Bitcoin options markets are showing a defensive bias as traders increasingly seek downside protection. Implied volatility for BTC surged during recent sell-offs, with March 27, 2026 data from Markus Thielen showing a jump from the low-40% range to 65.4% before easing back toward 50%.
At the same time, the options skew shifted sharply toward puts, reaching -13.0%, highlighting a growing preference for protection against further price declines.
Put buying has risen sharply, making up 29% of Bitcoin and 37% of Ethereum option trades over the past week. This shows that traders are getting more cautious, worried that ongoing geopolitical tensions could keep inflation high and put pressure on growth-sensitive assets, not just oil. Even though Bitcoin’s spot price has stayed fairly stable compared to other risky assets, the increase in options trading shows that traders are actively protecting themselves instead of staying relaxed.
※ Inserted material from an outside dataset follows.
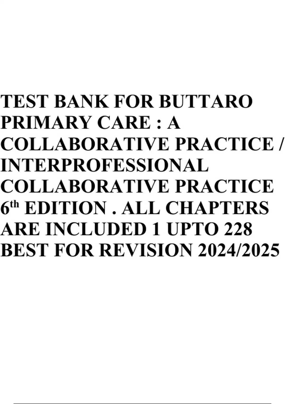 TEST BANK FOR BUTTARO PRIMARY CARE : A COLLABORATIVE PRACTICE / INTERPROFESSIONAL COLLABORATIVE PRACTICE 6 th EDITION . ALL CHAPTERS ARE INCLUDED 1 UPTO 228 BEST FOR REVISION 2024/2025 .

📊Today’s #BIT Daily Chart – March 23, 2026 ⬇️
Bitcoin Options Markets Turn More Defensive as Downside Protection Picks Up#BIT #BTC #Ethereum #ETH #CryptoOptions #ImpliedVolatility pic.twitter.com/3afVMehJUS
— BIT Official (@BITofficial_EN) March 23, 2026
In early 2026, Bitcoin traders grew cautious and bought put options to protect against risks from the U.S.-Iran conflict. The put/call ratio hit 0.84, the highest since June 2021. After a 19% drop, Bitcoin stayed around $68,000–$70,000. Traders focused on guarding against more losses, watching support near $65,000. Some analysts say that when put buying is very high, it can sometimes mean the price might bounce back.
Implied volatility spike signals hedging demand
The chart shows Bitcoin’s implied volatility and options skew from late 2025 to mid-March 2026. Volatility jumped when Bitcoin fell toward $60,000, as traders bought protection against more losses. After the panic eased, some of these trades were closed, so volatility went down a little. But the skew is still high on puts, showing traders are still paying extra to guard against price drops.
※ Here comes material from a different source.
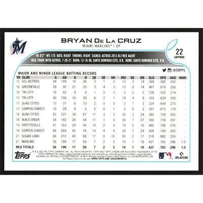 This is a 2022 Topps Chrome Sapphire Bryan De La Cruz baseball card. The card is #22 and pictures show condition. Team(s): Miami Marlins Rookie Card (RC)

Defensive stance persists despite spot resilience
Even though overall trading volumes are low, traders are moving more into protective positions. Thielen says this shows growing concern that inflation from geopolitical events could affect risk assets.
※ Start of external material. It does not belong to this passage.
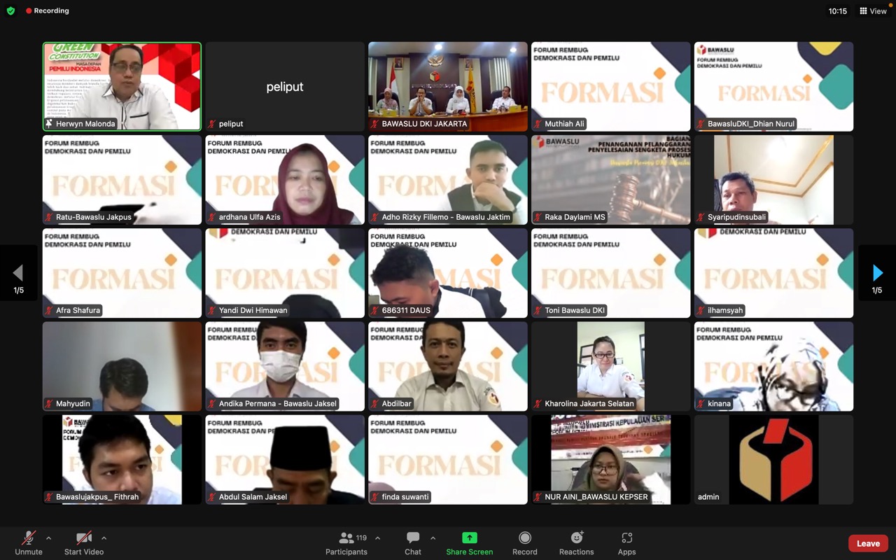 Tangkapan layar Forum Rembug Demokrasi & Pemilu (FORMASI) secara daring, Rabu (8/6/2022)/foto: Publikasi dan Pemberitaan Bawaslu

Bitcoin has held up better than stocks and altcoins, but the options market shows that traders are getting ready for possible price swings. Watching skew and put volumes is important because these fast-moving indicators can show changes in sentiment before the price moves. Meanwhile, Bitcoin and Ethereum rallied sharply, climbing above $74,000 and $2,270, respectively, as traditional markets, including equities and gold, remain under pressure.